Пальцы Полины Александровны чуть дрогнули. Она долго молчала, словно перебирая в памяти прошлое, потом сказала:

— Хорошо. Расскажу.

…Полина сидела на скамейке в самом конце аллеи, которая вела к проходной. Там, за проходной, был другой мир — полетов, заданий, риска — мир, недоступный для непосвященных. Она ждала уже долго, дольше, чем обычно. Отсюда ей было видно, как взлетали и уходили в прозрачную синеву самолеты, как они снижались, кружили над аэродромом, шли на посадку. В воздухе, то нарастая, то стихая, стоял звенящий гул, и, казалось, листва на деревьях вздрагивала и осыпалась, когда летчики давали форсаж и все вокруг заполнялось ревом моторов. Но листья осыпались, потому что был август, сухой, почти безветренный, с чистым прохладным солнцем.

Только сейчас Полина подумала о том, что значит быть женой летчика — вот так ждать всю жизнь, и волноваться, и не знать ни минуты покоя, и не суметь помочь в трудную, может быть, последнюю минуту.

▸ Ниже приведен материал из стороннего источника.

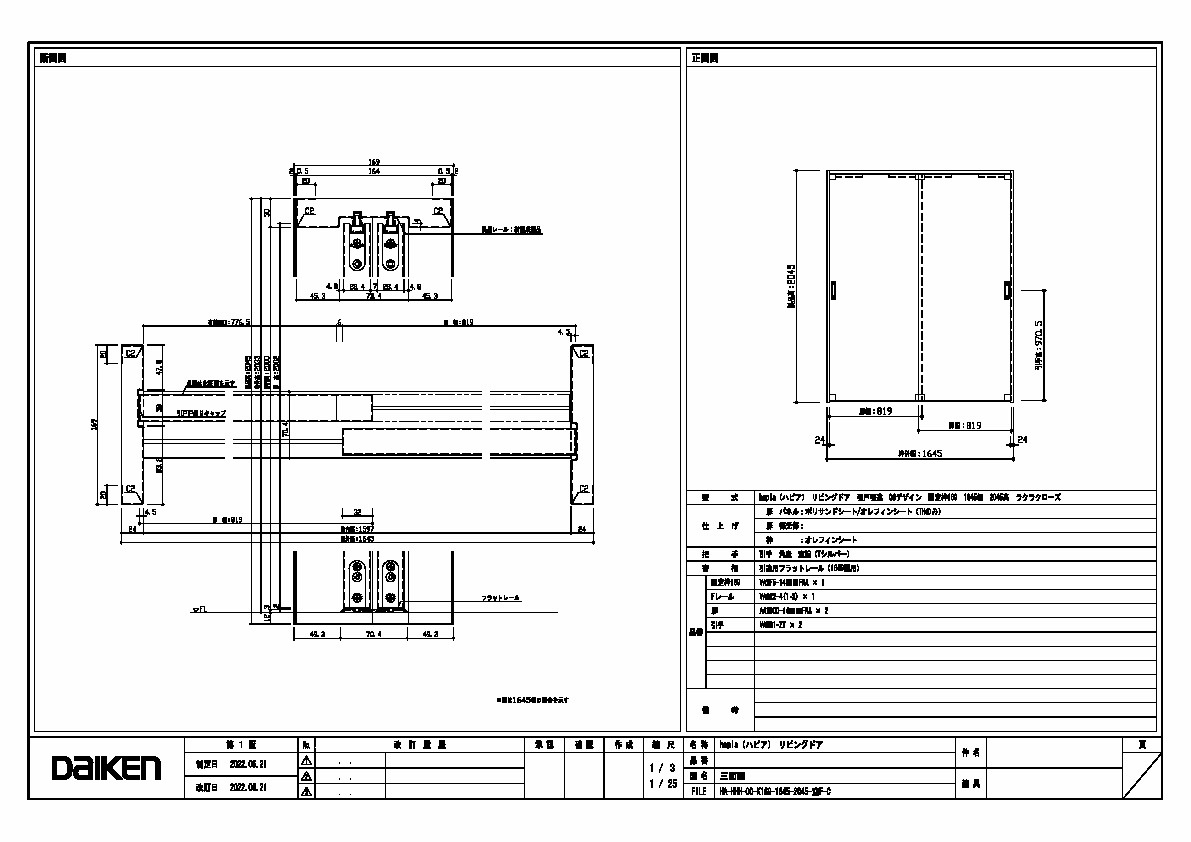 キャプション 1645幅 2045高 引手 角座 空錠 フラットレール(1645幅用) 三面図

Костя появлялся всегда неожиданно, шумный, возбужденный после полетов — пришелец оттуда, от него словно все еще пахло небом, и Полина никогда не знала, что он еще придумает в следующую минуту — так радовался он всему: что она с ним и будет с ним до самого вечера, и солнцу, и дождю, и товарищам, когда они все вдруг решали поехать куда-нибудь. Полине казалось, что время углублялось — бесконечно много вмещали в себя минуты и часы, когда Костя был с ней.

Полина ждала, смотрела на самолеты, идущие на посадку, пыталась угадать, какой Костин. Но самолеты садились, а Костя не появлялся.

Поднялся ветер. Гул моторов все чаще прерывался — полеты, видимо, заканчивались. Иногда становилось так тихо, что слышно было, как вздрагивала листва, успокаиваясь, когда ветер прекращался. Один самолет с ревом пронесся над аэродромом, круто взмыл, сделал круг, снова пошел на посадку. С земли взвилась красная ракета, запрещающая посадку, и самолет снова ушел вверх.